### Work required
Give again, word for word, the lines below that run from the line with "CHƯƠNG 4 - BÀI" through the line with "Благодаря опытным мастерам". Drop the pictures.

### Data
* * *

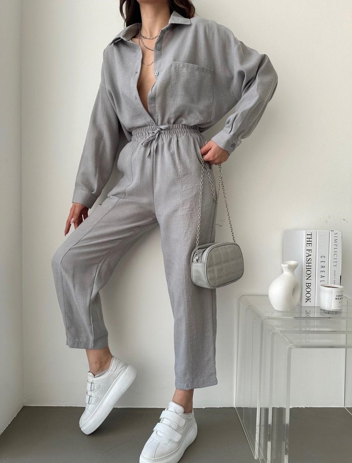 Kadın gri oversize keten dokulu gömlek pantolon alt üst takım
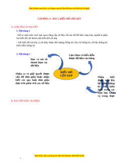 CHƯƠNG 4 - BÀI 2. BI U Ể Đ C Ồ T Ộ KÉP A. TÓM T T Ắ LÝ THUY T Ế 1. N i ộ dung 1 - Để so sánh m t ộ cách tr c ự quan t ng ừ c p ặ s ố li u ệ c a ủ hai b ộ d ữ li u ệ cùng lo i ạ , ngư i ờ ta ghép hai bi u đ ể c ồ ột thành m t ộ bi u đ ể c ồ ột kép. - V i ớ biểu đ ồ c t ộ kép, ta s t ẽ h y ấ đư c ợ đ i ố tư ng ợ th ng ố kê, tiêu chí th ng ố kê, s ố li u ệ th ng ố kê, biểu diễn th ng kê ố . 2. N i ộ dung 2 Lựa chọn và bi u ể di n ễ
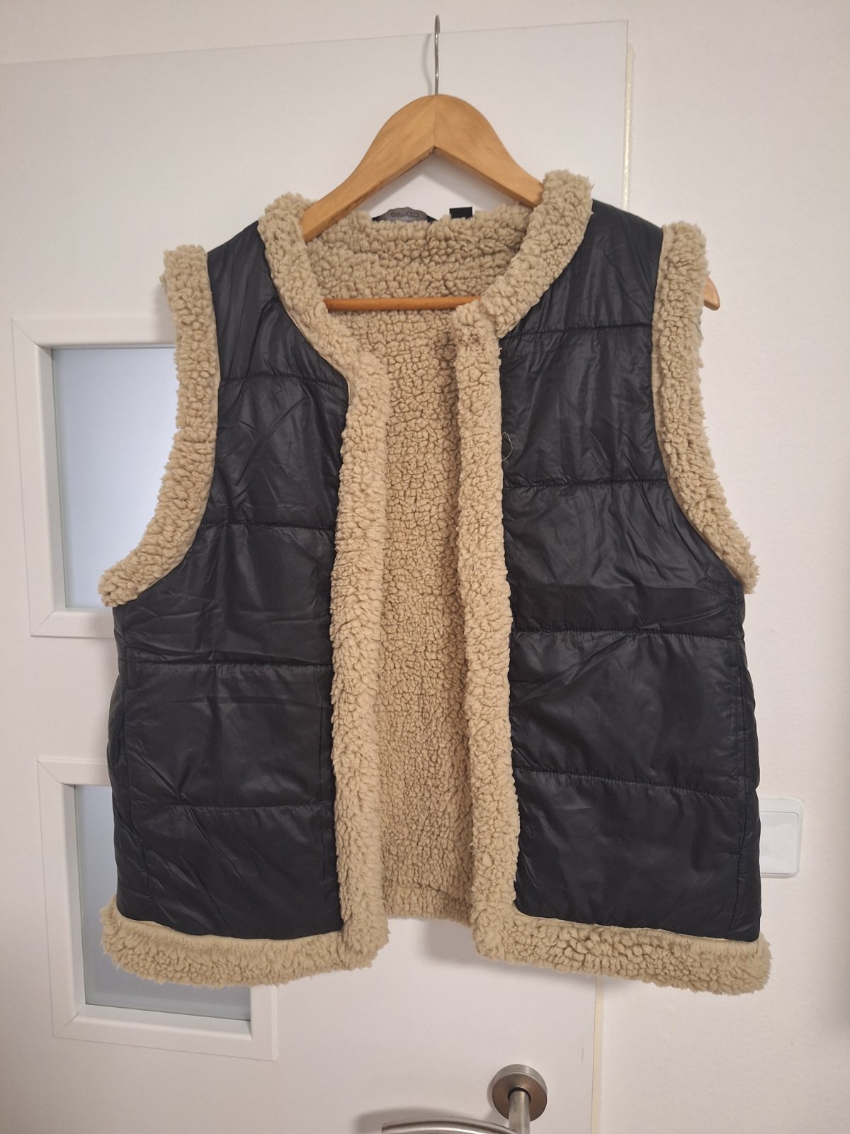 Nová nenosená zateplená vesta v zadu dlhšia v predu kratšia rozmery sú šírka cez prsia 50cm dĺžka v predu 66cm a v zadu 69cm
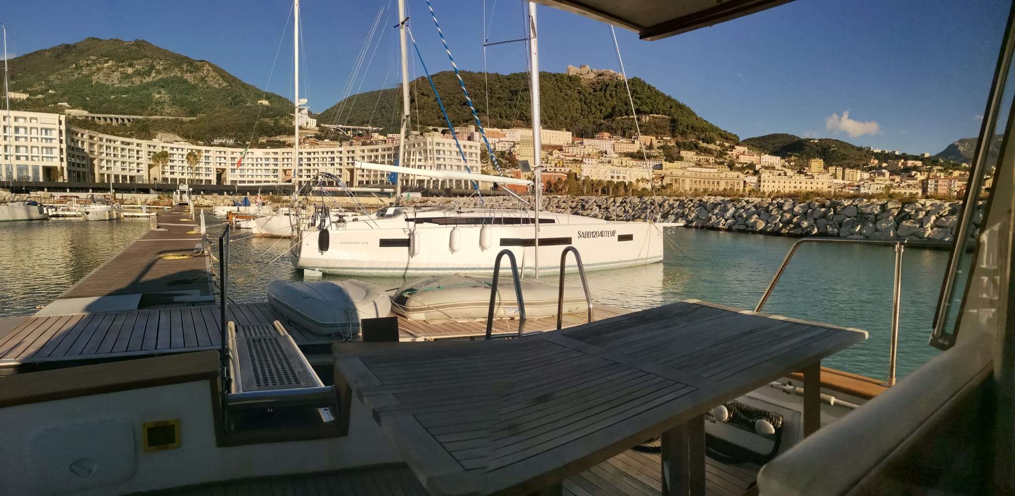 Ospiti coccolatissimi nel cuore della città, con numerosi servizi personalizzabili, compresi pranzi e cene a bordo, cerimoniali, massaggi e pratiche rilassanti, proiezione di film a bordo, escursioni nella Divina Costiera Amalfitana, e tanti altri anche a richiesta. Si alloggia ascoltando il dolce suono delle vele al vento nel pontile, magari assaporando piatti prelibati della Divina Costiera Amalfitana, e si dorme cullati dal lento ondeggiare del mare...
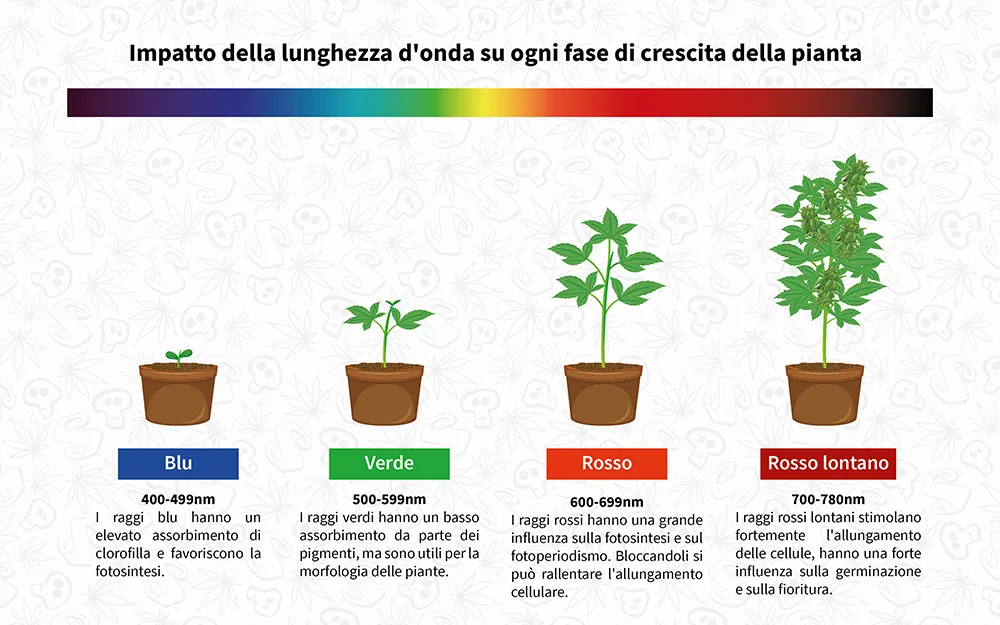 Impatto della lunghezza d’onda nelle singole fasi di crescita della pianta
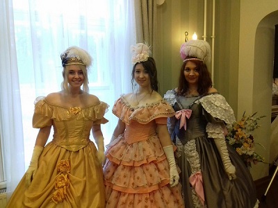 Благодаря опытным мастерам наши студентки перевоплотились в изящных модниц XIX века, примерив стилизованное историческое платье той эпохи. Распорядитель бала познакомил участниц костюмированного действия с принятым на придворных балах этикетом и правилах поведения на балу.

* * *

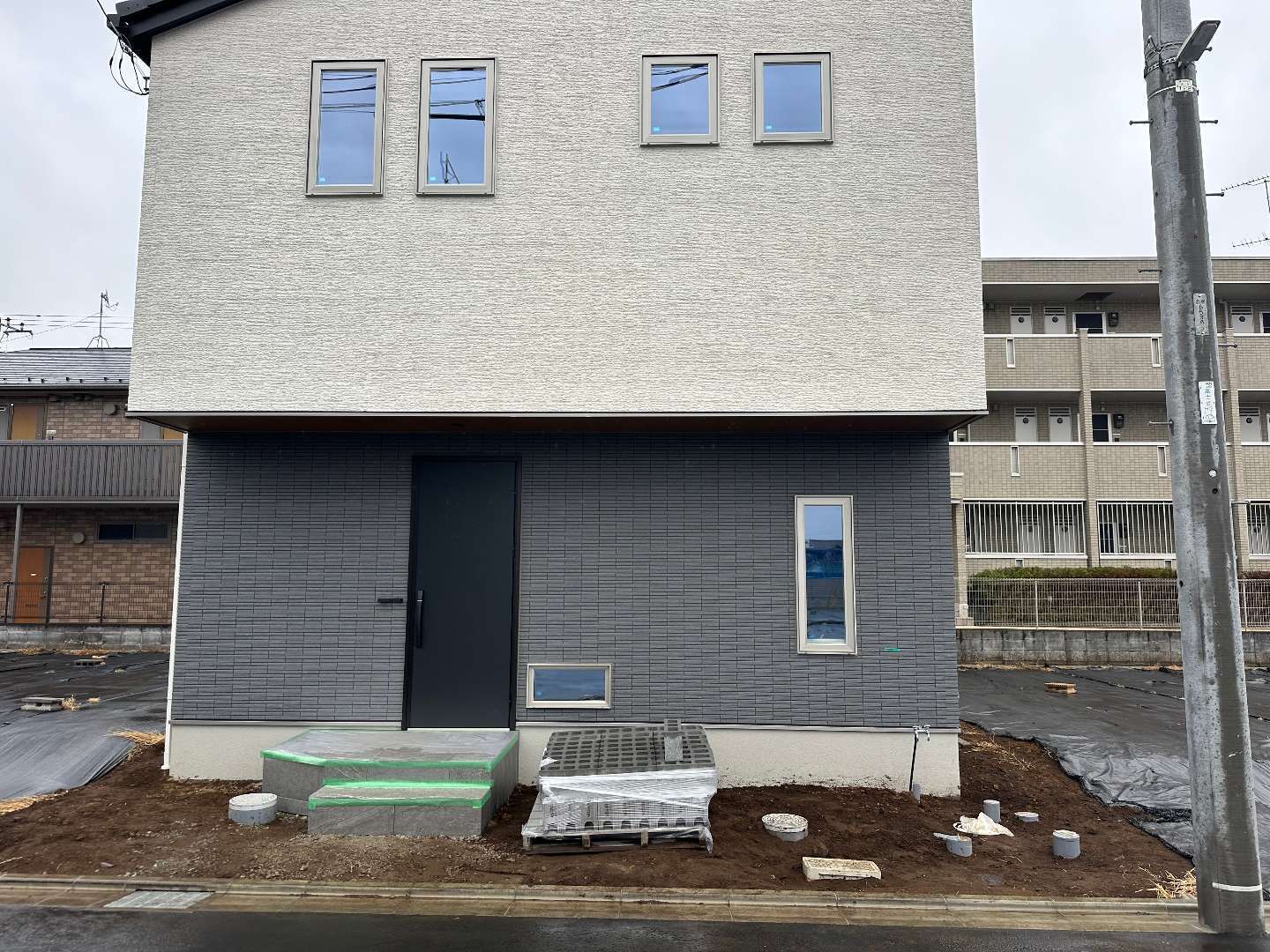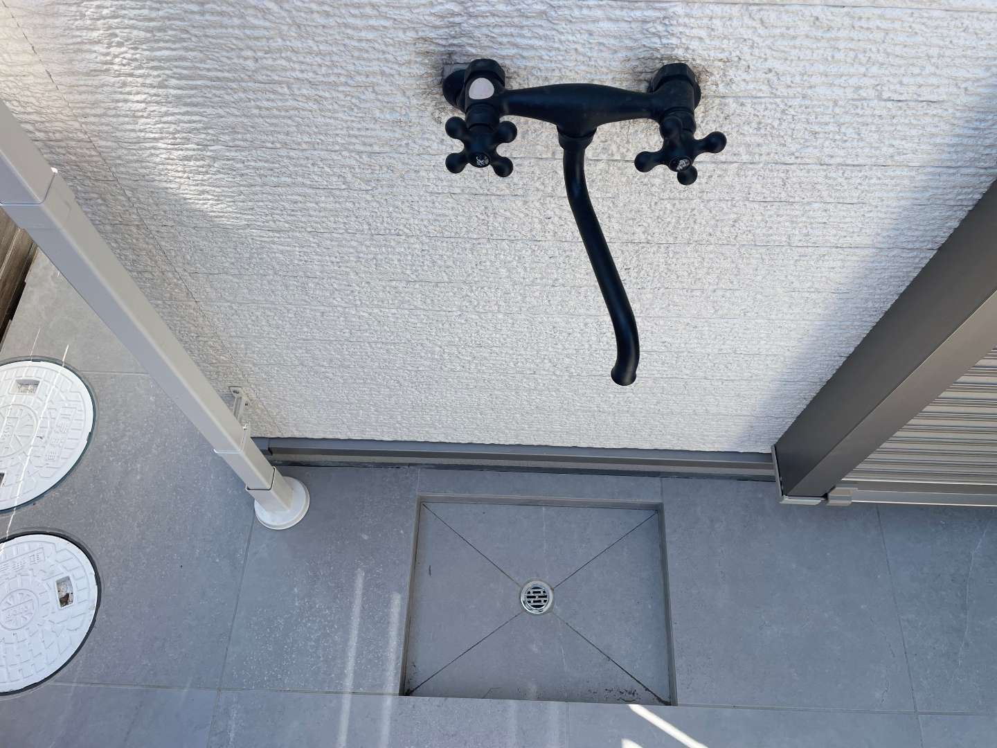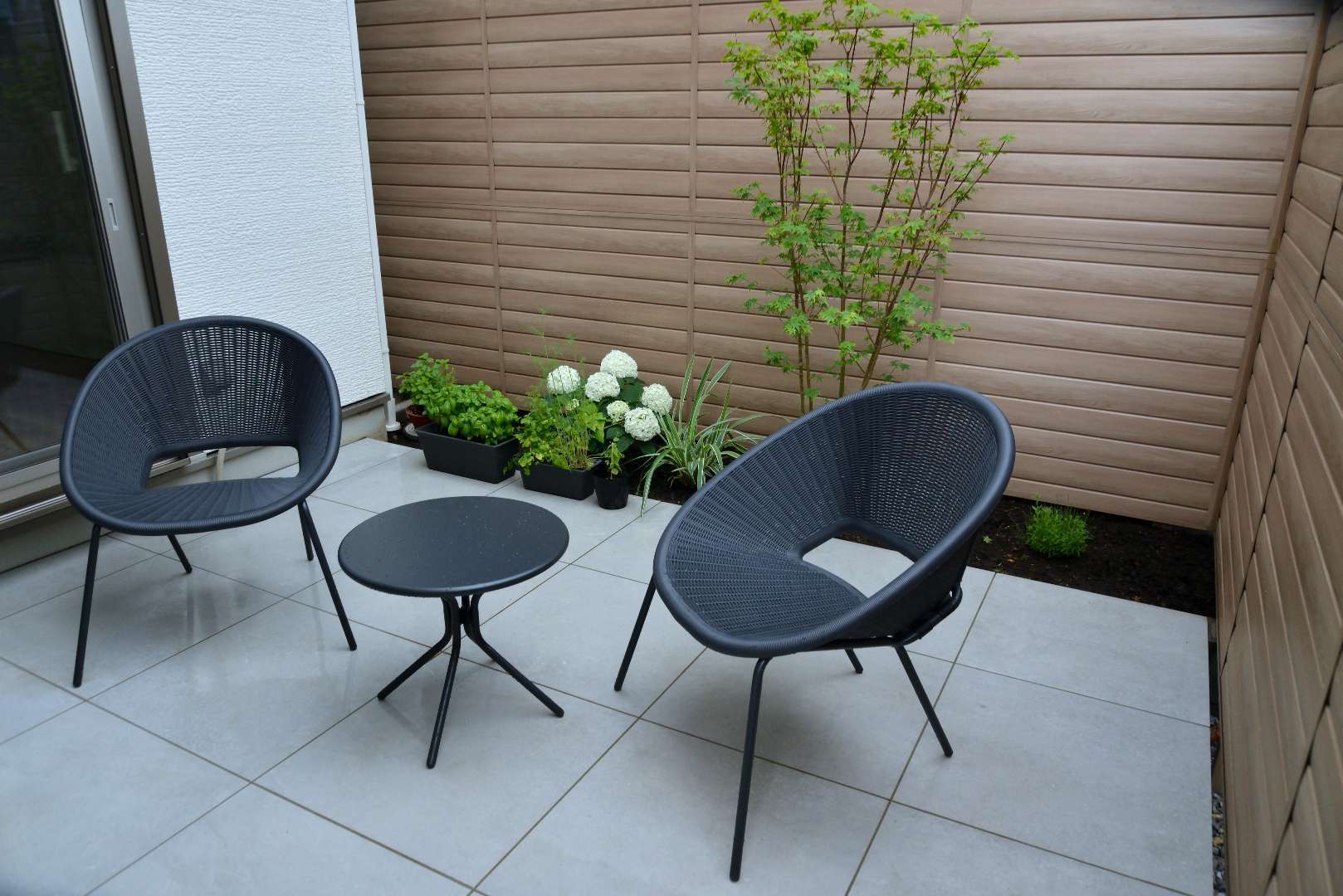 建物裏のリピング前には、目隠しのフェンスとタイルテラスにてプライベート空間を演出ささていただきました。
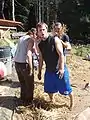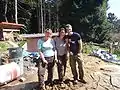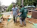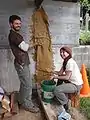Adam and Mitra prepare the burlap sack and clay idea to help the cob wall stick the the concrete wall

* * *

### Output of the task
 CHƯƠNG 4 - BÀI 2. BI U Ể Đ C Ồ T Ộ KÉP A. TÓM T T Ắ LÝ THUY T Ế 1. N i ộ dung 1 - Để so sánh m t ộ cách tr c ự quan t ng ừ c p ặ s ố li u ệ c a ủ hai b ộ d ữ li u ệ cùng lo i ạ , ngư i ờ ta ghép hai bi u đ ể c ồ ột thành m t ộ bi u đ ể c ồ ột kép. - V i ớ biểu đ ồ c t ộ kép, ta s t ẽ h y ấ đư c ợ đ i ố tư ng ợ th ng ố kê, tiêu chí th ng ố kê, s ố li u ệ th ng ố kê, biểu diễn th ng kê ố . 2. N i ộ dung 2 Lựa chọn và bi u ể di n ễ
 Nová nenosená zateplená vesta v zadu dlhšia v predu kratšia rozmery sú šírka cez prsia 50cm dĺžka v predu 66cm a v zadu 69cm
 Ospiti coccolatissimi nel cuore della città, con numerosi servizi personalizzabili, compresi pranzi e cene a bordo, cerimoniali, massaggi e pratiche rilassanti, proiezione di film a bordo, escursioni nella Divina Costiera Amalfitana, e tanti altri anche a richiesta. Si alloggia ascoltando il dolce suono delle vele al vento nel pontile, magari assaporando piatti prelibati della Divina Costiera Amalfitana, e si dorme cullati dal lento ondeggiare del mare...
 Impatto della lunghezza d’onda nelle singole fasi di crescita della pianta
 Благодаря опытным мастерам наши студентки перевоплотились в изящных модниц XIX века, примерив стилизованное историческое платье той эпохи. Распорядитель бала познакомил участниц костюмированного действия с принятым на придворных балах этикетом и правилах поведения на балу.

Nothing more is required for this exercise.